Most stops are related to a bad GC tuning
JVM information (CPU & memory usage from all heaps) would really help to find out what's going on. According to the startup script, you're running with the default GC, try to use CMS instead, even with such small heaps (1303 MB).
Also, the performance of HotRod request can differ with various key/value sizes, are these ~constant?
We updated the clustered.conf and adjusted the garbage collection. This seems to help.
# This file is optional; it may be removed if not needed.
# Specify the maximum file descriptor limit, use "max" or "maximum" to use
# the default, as queried by the system.
# Defaults to "maximum"
# Specify the profiler configuration file to load.
# Default is to not load profiler configuration file.
# Specify the location of the Java home directory. If set then $JAVA will
# be defined to $JAVA_HOME/bin/java, else $JAVA will be "java".
# Specify the exact Java VM executable to use.
if [ "x$JBOSS_MODULES_SYSTEM_PKGS" = "x" ]; then
# Uncomment the following line to prevent manipulation of JVM options
# by shell scripts.
# Specify options to pass to the Java VM.
if [ "x$JAVA_OPTS" = "x" ]; then
JAVA_OPTS="-Xms4G -Xmx8g -XX:MaxPermSize=256m -Djava.net.preferIPv4Stack=true \
-Dorg.jboss.resolver.warning=true -Dsun.rmi.dgc.client.gcInterval=3600000 \
-Dsun.rmi.dgc.server.gcInterval=3600000 -Djboss.modules.system.pkgs=$JBOSS_MODULES_SYSTEM_PKGS \
-Djava.awt.headless=true -Djgroups.bind_addr=infinispan-node -Djboss.bind.address=infinispan-node \
-Djgroups.udp.ip_ttl=1 -Djboss.bind.address.management=infinispan-node -Dsun.nio.ch.bugLevel=''"
echo "JAVA_OPTS already set in environment; overriding default settings with values: $JAVA_OPTS"
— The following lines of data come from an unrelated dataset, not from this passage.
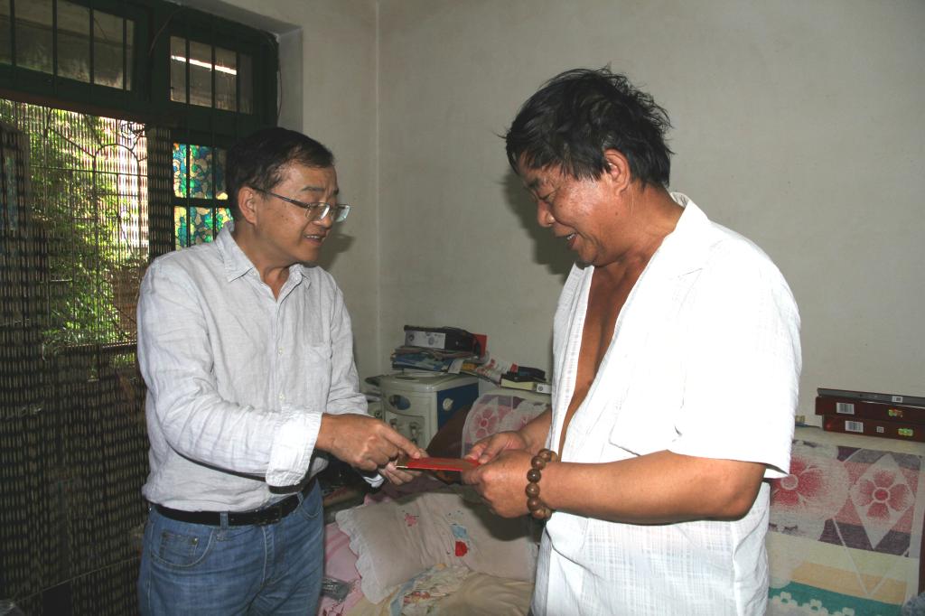 錫業(yè)股份黨委委員、工會主席李林走訪慰問老廠分公司困難職工李生保。(劉亞杰/攝)
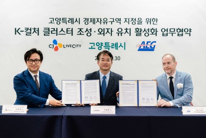 고양시는 30일 일본 오사카에서 AEG, CJ라이브시티(CJ LiveCity, 대표이사 신형관)과 ‘K-컬처 클러스터 조성 및 외자 유치 활성화를 위한 삼자 간 업무협약(MOU)’을 체결했다고 1일 밝혔다. AEG와 CJ라이브시티가 고양시의 경제자유구역 추진 5대 전략 중 하나인 ‘K-컬처 클러스터’ 구축을 위해 시와 다각도로 협력하기로 했다.
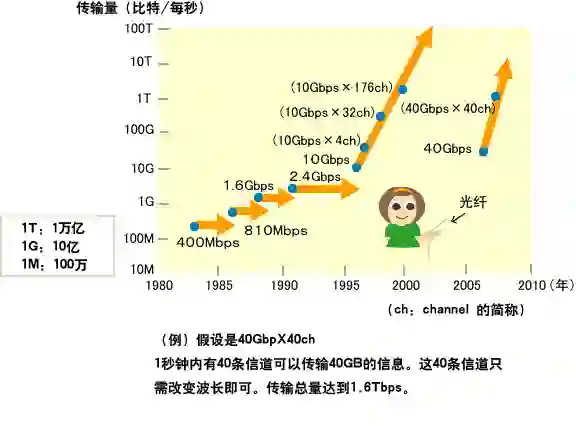 随着整个社会通信量的增加,不断出现了只需1根光纤就能传输更多信息的技术。
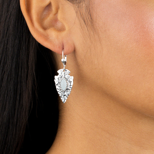Sterling Silver Fritz Casuse Arrowhead White Agate Gemstone Lever Back Earrings
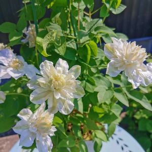 クレマチス グレーヴェエリックルース 咲き出しました 去年は咲かなかったのよ 今年初開花でこのかわいさ 一重から八重咲きの変化が素晴らしい 白に薄緑の線が大好物です

# Sample JPDA settings for remote socket debugging
# Sample JPDA settings for shared memory debugging
# Uncomment to not use JBoss Modules lockless mode
# Uncomment to gather JBoss Modules metrics
You should set the heap size -Xms8G -Xmx8g as this prevent from recalculating the amount of heap during runtime.
Also you might add -Xloggc:mylog.log -verbose:gc to analyse the behaviour, you'll find lot of explanations if you search for it.
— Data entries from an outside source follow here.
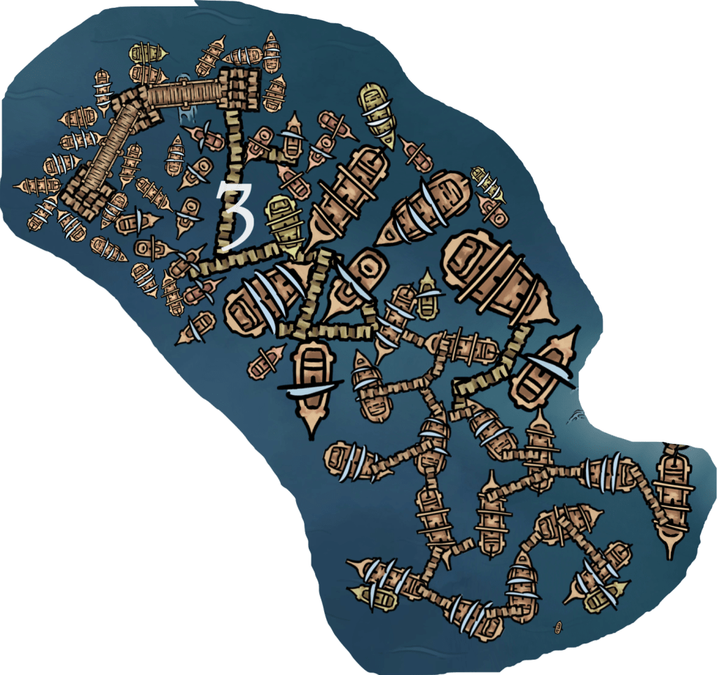 A sprawling collection of small ships, floating bridges, and temporary docks that stretches from the westernmost point of Peregrine Cay out beyond the harbor, the Minnows functions as a lower to middle class residential district. Many ships that don’t come with much in the way of cargo or services end up here, their crews enjoying the multitude of temporary bars and fighting decks, while their captains rent out their deck space for coppers a day. Though small individually, their number ensures that this is the rowdiest of the clusters. Many of the sea god clergy move amongst this group, ministering to the smallest ship crews that often lack dedicated medical and spiritual care. Surprisingly, the Keelhelms, the temporary guard force of the Kohtumine, are frequently found off-duty here or on Peregrine Cay. Many of them are housed in these two clusters. Down-on-their-luck captains see hiring out their ship companies to the Lord of the Oceans as Keelhelms to be an easy way to make some good coin and raise their standing among the various factions.
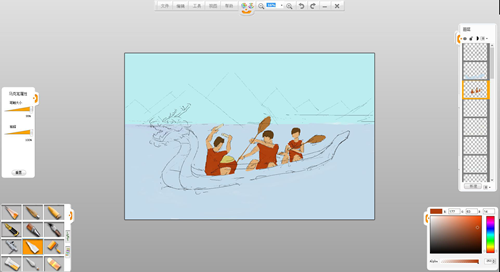 7.用馬克筆筆觸,選擇自己認為適當的顏色,為人物和龍舟涂上顏色。
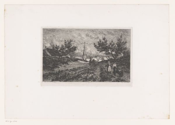 Editor: This is "Dorpsgezicht met landweg in de Kempen" by Frans Van Kuyck, an etching made sometime between 1862 and 1911. The scene feels really still, almost frozen in time. What stands out to you in this piece? Curator: The quiet hum of everyday life, wouldn't you say? It reminds me of childhood summers spent wandering down dusty lanes, each footstep kicking up tiny stories in the air. See how the artist captures the subtle play of light and shadow on the road? It's as if the very air is vibrating with a quiet energy. Editor: Absolutely. The detail in the etching is incredible, but is there more to it than just a pretty picture? Curator: Well, I think that Van Kuyck is capturing a feeling here. There’s a tangible weight to the workers, to the old road stretching toward that village spire. And those spires—they ground you, don't they? But that dirt road tells its own tale of journeys undertaken, of community forged. It’s about human scale in a world increasingly rushing toward… where, exactly? Editor: So it’s not just a scene; it’s a statement? Curator: Every brushstroke, every etched line, my friend, is a whisper from the soul. Don’t you feel a certain stillness emanating from that church? It centers the whole composition, as if life flows out from that place, and also back into it. I am interested, what feeling would you give this piece? A little peace? Maybe awe? Editor: Definitely peace. Thinking about the detail, the time, the message... thanks, I’m seeing so much more now. Curator: Ah, to see more – isn’t that what art is all about? Finding echoes of ourselves in these frozen moments. I felt a nice reflection come over myself just now!
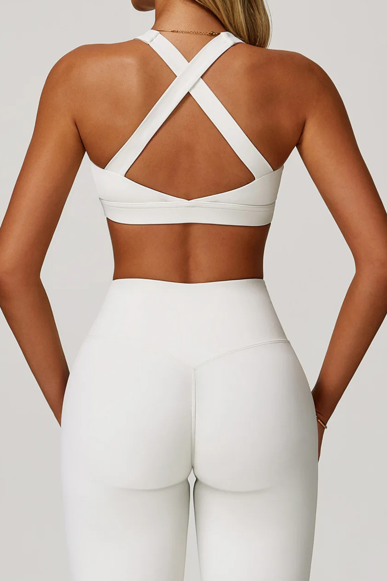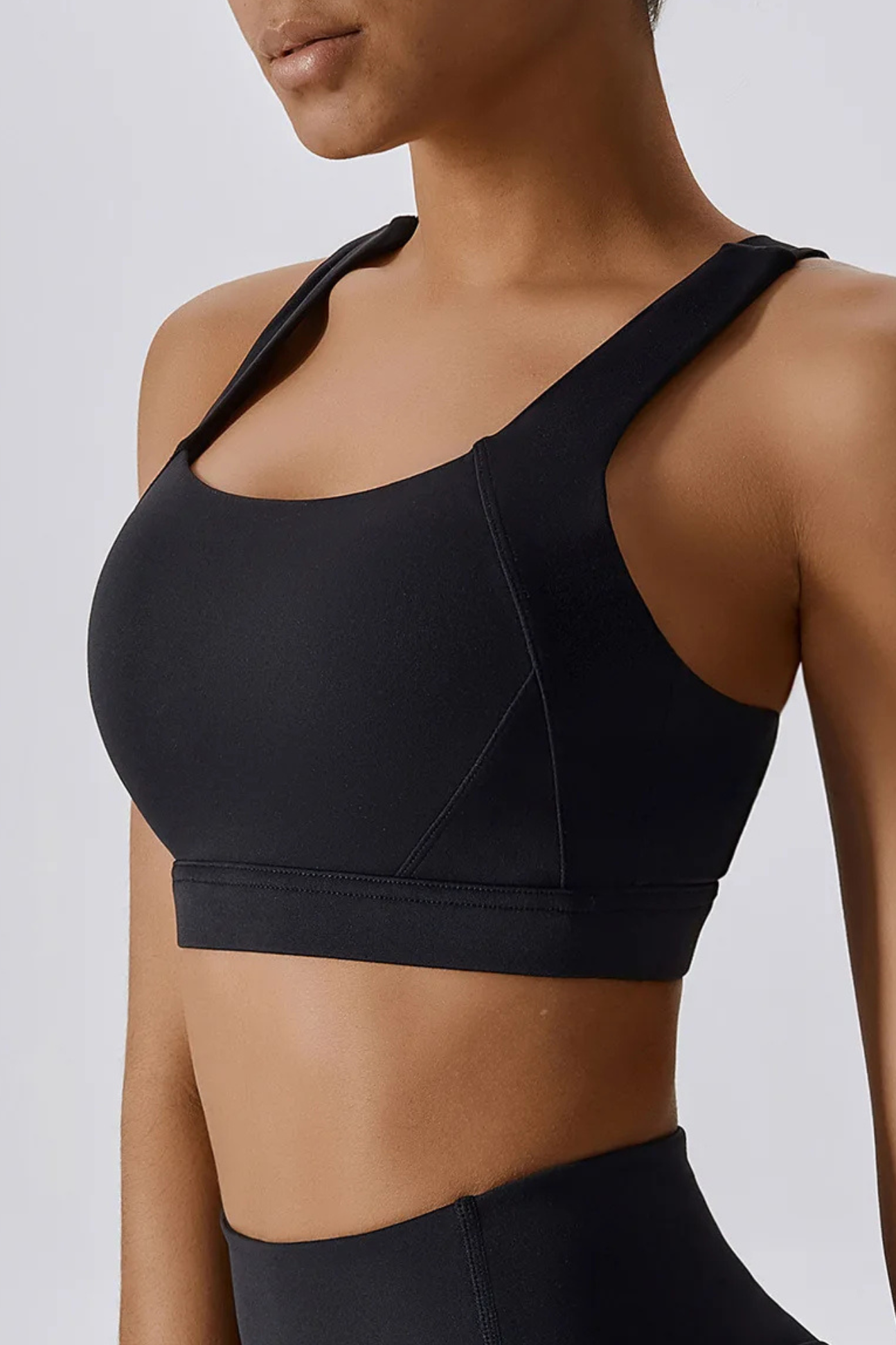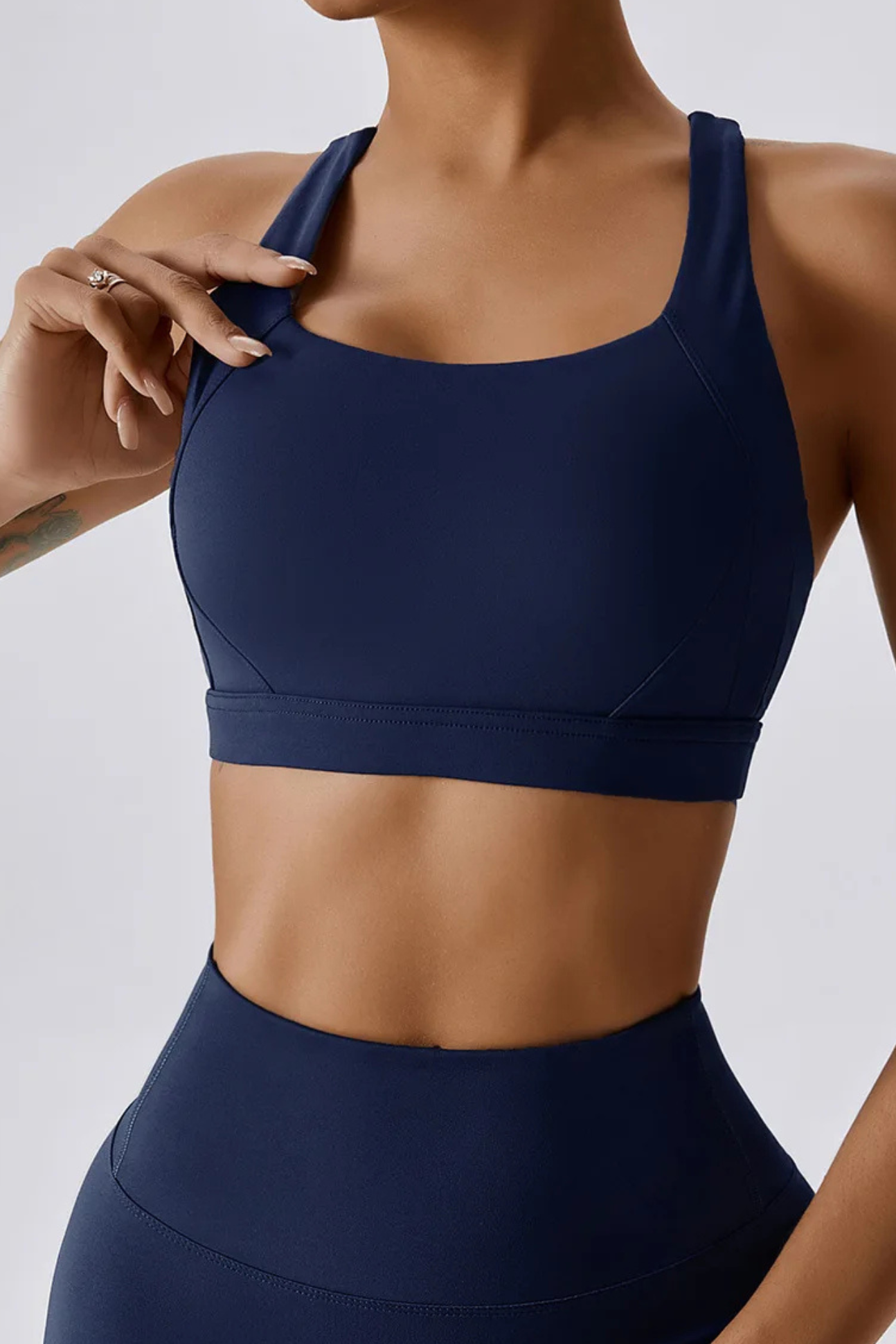 A versatile, cross-back sports bra crafted with a breathable knit weave that adapts to your movement. Its durable nylon–spandex blend offers year-round comfort, from summer workouts to winter layering.

Maybe if you use the latest Java6 or Java7 you can use the G1 GC which might have a better performance.
Yes we have been tuning the GC. But I now think that our pauses have to do more with the fact that we may be hitting the serer too hard with too many connections. We I did the thread dump the Hot Rod client is waiting for log stints to perform IO.
We have been playing around with the GC trying to get our max read time below 5ms and max write below 10ms without much luck. We do observe that the more client threads we have the more outliers we observe. Is there any reason that a dirty read would take longer than a write given that we are not doing locking? All our calls are synchronous.
Why do you expecte max latency below 10 ms when you're setting GC pause to 2000 ms? Obviously, max latency can be > 2000 ms if you try long enough (to let GC do its job, fulfilling the limit you're asking for).
Regrettably, with state-of-the art Java GCs this is not possible, Java is not hard real-time platform. Moreover if you use clustered mode, network latencies (or lost messages delivered later) can complicate it a lot more.
You can optimize only certain quantiles, but there will always be some outliers.